Канни Мёллер - Я - Янис
Она пошла за лимонадом, тут бы мне и сбежать. Хотя вышло бы глупо: пить-то хотелось ужасно.
И что вы думаете! Она вернулась с одной банкой.
— Пожалуйста! — старуха протянула ее мне.
Я пила, а она все сосала карамельку.
— А вы? — спросила я, когда на дне остался один глоток.
— Ну, если ты точно больше не хочешь… — не успела я ответить, как она схватила банку.

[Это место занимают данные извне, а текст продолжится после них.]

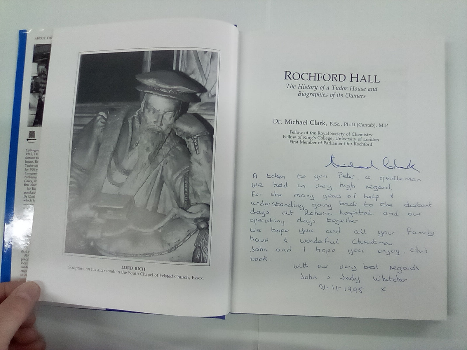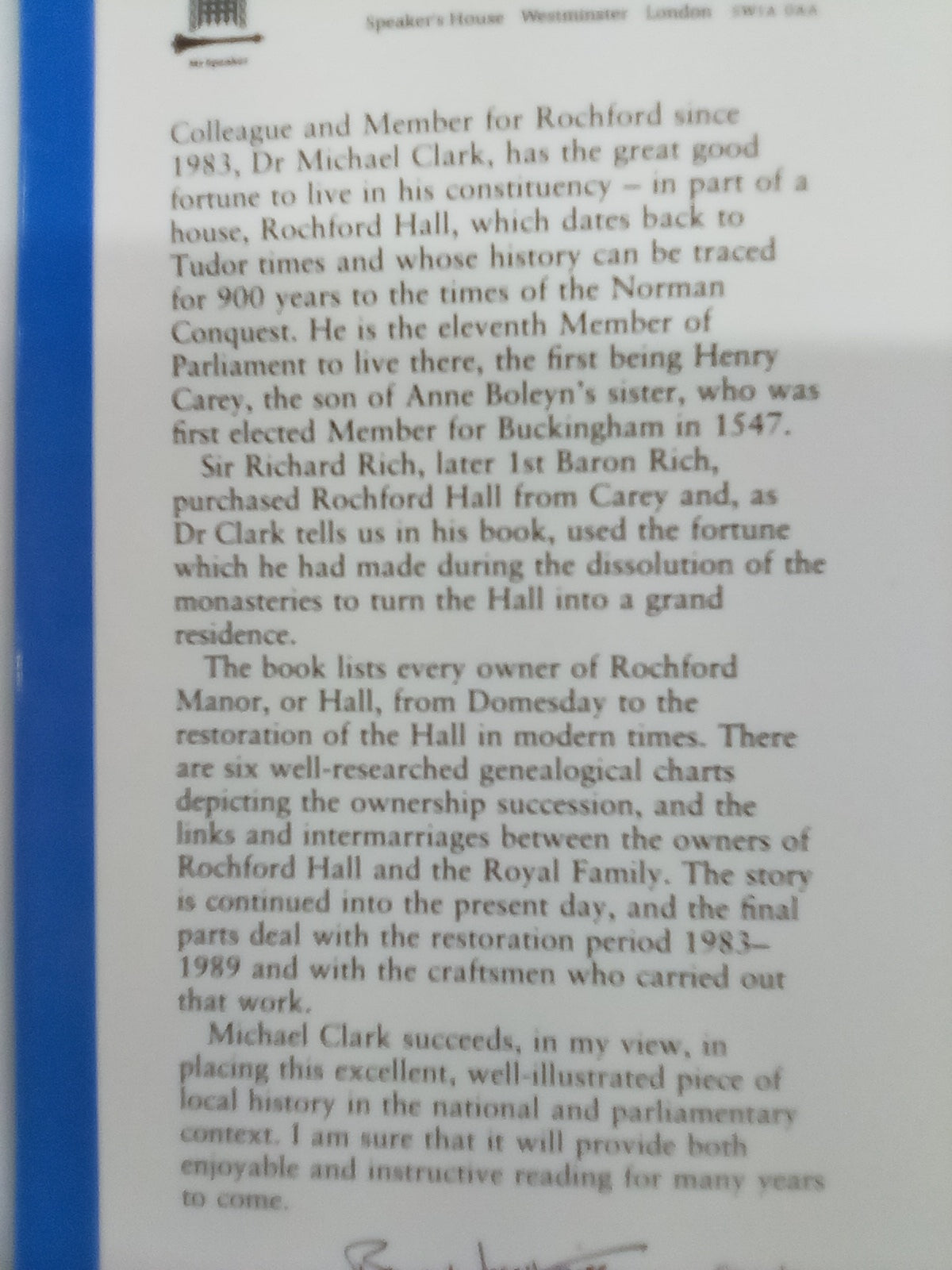 This is a second-hand copy of the book Rochford Hall - The History of a Tudor House & Biographies of the Owners by Michael Clark. This copy is signed by the author and number 758 of a limited edition.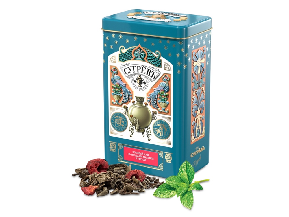 БОЛЬШАЯ БАНКА С РЕЛЬЕФОМ. Зелёный чай с мятой и цельными ягодами малины.500г.

Тогда-то я и поняла, что денег у нее мало. Тогда почему она на меня тратилась?
Она тщательно протерла край банки: сначала рукой, потом платочком с розами. А потом одним махом допила лимонад.
— Пойду поищу воды, — сказала она и облизнула пересохшие губы. Жди меня здесь, хорошо? Я на минутку.
2. О бабочках в животе
Скоро она вернулась с призовой вазой, полной воды. Я тоже немножко отхлебнула. Голубой медведь исчез. Наверное, старушке он надоел, а может, она поняла, что я не в восторге от голубых медведей. Вскоре я увидела маленькую девочку, которая тащила с собой такого же.
Мы вместе пошли в тоннель привидений и на ковер-самолет. Потом я три раза прокатилась на американских горках, а старушка стояла и смотрела.
Сама она кататься не хотела, но за меня платила! Понимаете? Три раза! Зачем? Просто по доброте или хотела чего-то?
Как здорово, когда ты на самом верху! Когда вагончики уже взобрались на крутой подъем и подъезжают к пропасти. Медленно-медленно, так что весь город видно. Шпили церквей, небо и стаю ворон, которые роются в урнах.
А среди ворон — Зак. Адидас ухватил его за куртку и явно собирается вмазать. Что ж, Заку не впервой.
Но ему удалось вырваться, и оба скрылись за качелями «Викинг». Может, они просто в шутку боролись, откуда мне знать.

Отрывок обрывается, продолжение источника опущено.